Following graduation from the intensive outpatient program the patient is prescribed naltrexone. The patient is monitored weekly over the next two months. If the patient experiences 2 or more heavy drinking days during this period and is nonadherent then the patient’s medication is augmented by CBI. If the patient experiences 2 or more heavy drinking days during this period and is adherent then the patient’s medication is switched to acamprosate.If the patient is able to make the entire 2 months with 1 or no heavy drinking days then the patient is continued on naltrexone and the patient is provided telephone disease management.
What is a sequential multiple assignment randomized trial (SMART)?
These are multi-stage trials; conceptually a randomization takes place at each stage.
Goal is to inform the construction of a dynamic treatment regime.
Negative synergies: An initial treatment may produce a higher proportion of responders but also result in side effects that reduce the effectiveness of subsequent treatments for those that do not respond. Or the burden imposed by this initial treatment may be sufficiently high so that nonresponders are less likely to adhere to subsequent treatments.

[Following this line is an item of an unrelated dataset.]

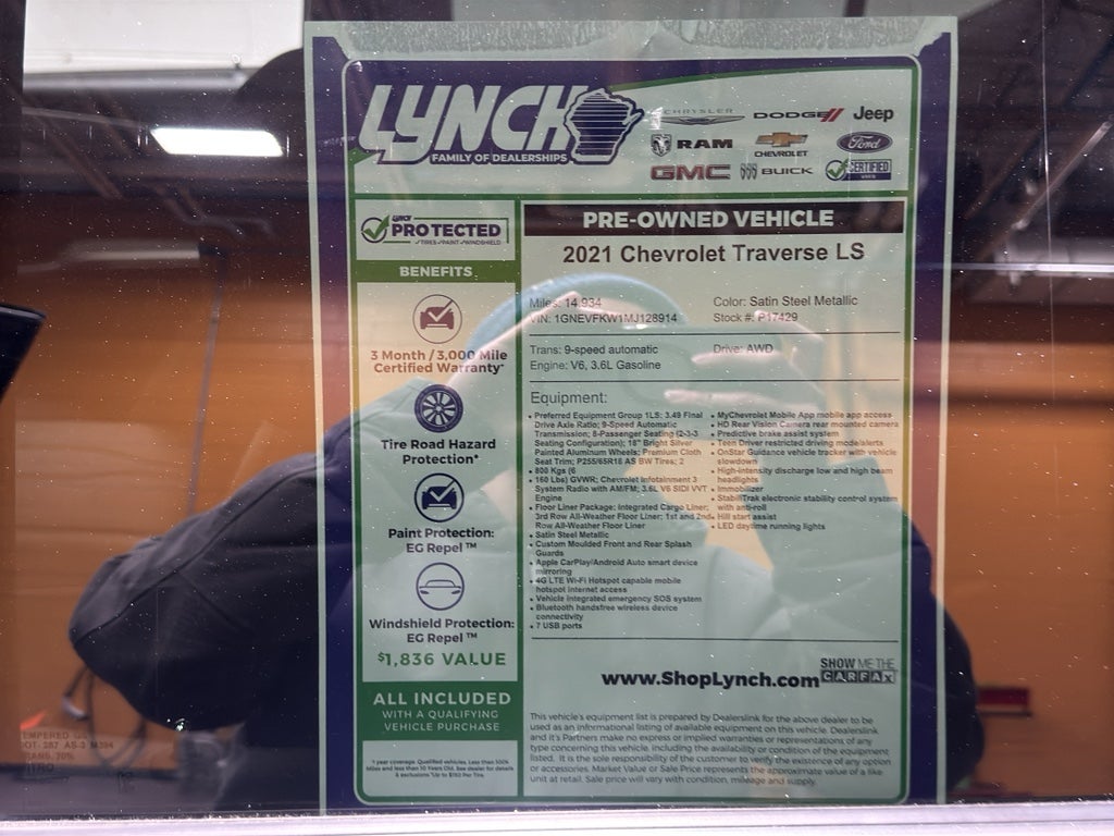 Contact the dealership in Burlington today to schedule a test drive or request a vehicle history report. Don't miss this chance to own a low-mileage 2021 Chevrolet Traverse LS at the best price.

Positive synergies: A treatment may not appear best initially but may have enhanced long term effectiveness when followed by a particular maintenance treatment. Or the initial treatment may lay the foundation for an enhanced effect of subsequent treatments.
When evaluating and comparing initial treatments we need to take into account the effects of the secondary treatments thus SMART
Subjects who will enroll in, who remain in or who are adherent in the trial of the initial treatments may be quite different from the subjects in SMART.
Why not use theory, clinical experience and expert opinion to construct the dynamic treatment regime and then compare this regime against an appropriate alternative in a confirmatory randomized trial?
The alternative may be the same regime but with one component altered.